»nervous« harddrive

… sorry, another post (today is haiku-day :slight_smile:

in my ibm x31 the harddisk is starting and slows down in very short intervals.
the drive is like new and working perfectly, but often haiku is waiting some ticks
for the drive. it spins down and up every 5-10 seconds.
i’ve visited the bios-setup (not quite familiar with it, as mac-user), but even the
high-performance-setting changed anything.
does haiku have energy-settings? i don’t think so, right?

thank you
jan

You say the drive is “working perfectly” and yet you describe symptoms of horrible drive failure, very likely meaning imminent loss of all data on the drive. Can you explain what “working perfectly” means in this kind of situation to you ?

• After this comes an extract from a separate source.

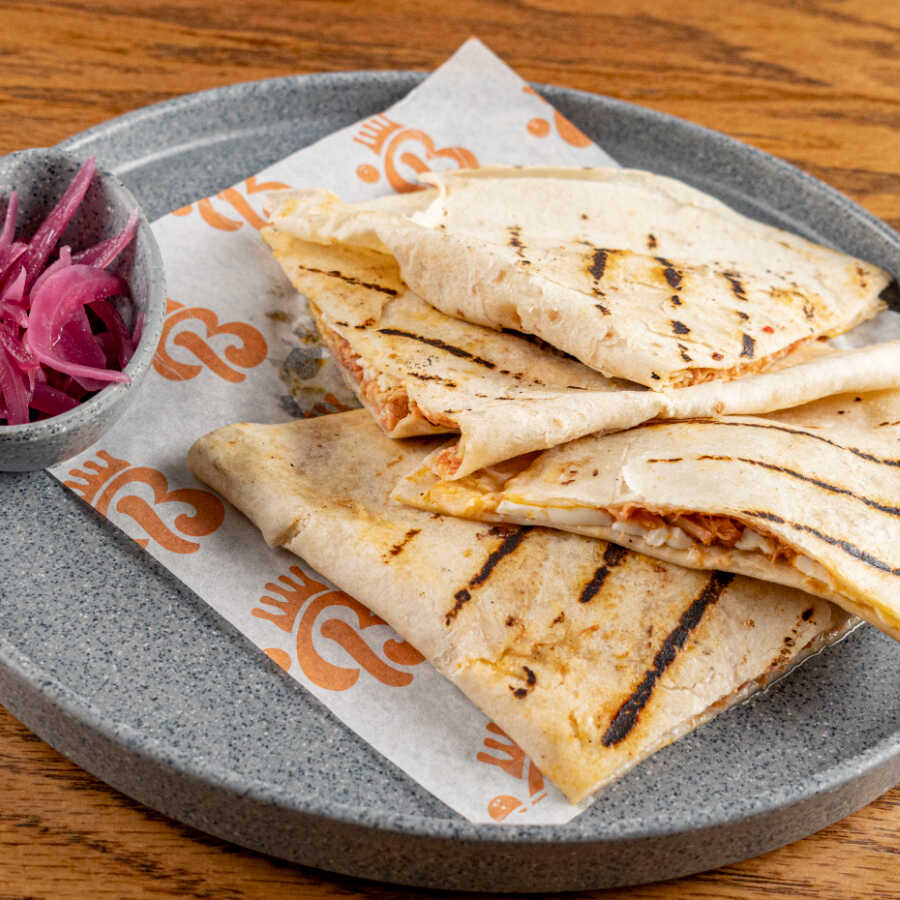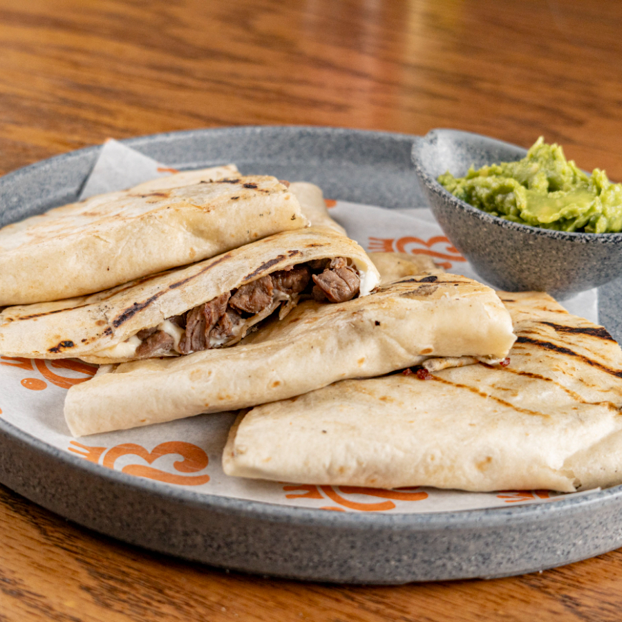 2 piezas de tortilla de harina con arrachera gratinada en queso cremoso.

In any case, you should run good disk diagnostic software. If it’s the built-in disk of the laptop, not an external USB drive or something like that, then you can do this from a suitable Live Linux distro, or from Windows if you have that. Use a different machine to read about how to interpret the diagnostics. The drive firmware will spin down and try to restart a disk when it detects some types of faults, and unless it’s an external drive with dubious power supply this is by far the most common cause of such behaviour. If there is any data on that drive you’d be sorry to lose, back it up immediately.

In fact, if you’re someone other than “stoltenberg” reading this and thinking “My drives are working just fine” then remember at any time you may find you have one less copy of everything than you thought you had, starting five minutes ago. If that worries you, take more backups.

thanks a lot for your advise, but i’m pretty sure, that is no hardware-error of the drive.
after scanning the web, i found many threads regarding the aggressive energy-safe-functions of this harddrive.
it seems to be the head, which is parking just a few seconds after the last read- or write-action.
now i’m trying to mount the disk in an external enclosure and try some tools …
p.s.: is there a reliable backup-solution for haiku?

I’m not aware of any tools to adjust this in Haiku. Linux has hdparm which can change the time before the drive will park heads and go to idle mode. I’m not very surprised the setting is low on IBM laptops: the laptop may be moved at any time and it is not a very good idea to do so while the drive is spinning, so they made it go to sleep when it is idle, as soon as possible.